Lipschitz mass transport

Job Candidate Talk
Thursday, January 26, 2023 - 11:00am for 1 hour (actually 50 minutes)
Skiles 006
Dan Mikulincer – Department of mathematics, MIT – danmiku@gmail.com
Vladimir I. Koltchinskii

A central question in the field of optimal transport studies optimization problems involving two measures on a common metric space, a source and a target. The goal is to find a mapping from the source to the target, in a way that minimizes distances. A remarkable fact discovered by Caffarelli is that, in some specific cases of interest, the optimal transport maps on a Euclidean metric space are LipschitzLipschitz regularity is a desirable property because it allows for the transfer of analytic properties between measures. This perspective has proven to be widely influential, with applications extending beyond the field of optimal transport.

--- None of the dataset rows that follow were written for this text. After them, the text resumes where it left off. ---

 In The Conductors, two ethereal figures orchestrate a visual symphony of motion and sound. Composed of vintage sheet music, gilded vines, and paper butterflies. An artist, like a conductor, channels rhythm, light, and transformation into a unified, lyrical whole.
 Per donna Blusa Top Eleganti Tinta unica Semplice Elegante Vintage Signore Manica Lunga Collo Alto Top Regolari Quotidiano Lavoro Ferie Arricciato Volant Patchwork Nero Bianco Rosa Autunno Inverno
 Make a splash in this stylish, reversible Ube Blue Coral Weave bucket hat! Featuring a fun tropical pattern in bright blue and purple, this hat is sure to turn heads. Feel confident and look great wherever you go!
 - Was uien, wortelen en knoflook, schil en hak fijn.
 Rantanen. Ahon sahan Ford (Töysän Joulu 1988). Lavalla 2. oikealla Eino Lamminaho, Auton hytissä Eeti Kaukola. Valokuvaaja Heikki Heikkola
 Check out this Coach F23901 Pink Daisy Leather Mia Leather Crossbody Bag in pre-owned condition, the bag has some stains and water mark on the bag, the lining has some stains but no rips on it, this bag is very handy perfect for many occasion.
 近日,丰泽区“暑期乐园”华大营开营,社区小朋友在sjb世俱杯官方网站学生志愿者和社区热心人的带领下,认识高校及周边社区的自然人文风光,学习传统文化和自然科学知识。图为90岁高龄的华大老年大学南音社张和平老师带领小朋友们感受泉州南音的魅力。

In this talk, we will further explore the Lipschitz properties of transport maps. Our main observation is that, when one seeks Lipschitz mappings, the optimality conditions mentioned above do not play a major role. Instead of minimizing distances, we will consider a general construction of transport maps based on interpolation of measures, and introduce a set of techniques to analyze the Lipschitz constant of this construction. In particular, we will go beyond the Euclidean setting and consider Riemannian manifolds as well as infinite-dimensional spaces.

Some applications, such as functional inequalities, normal approximations, and generative diffusion models will also be discussed.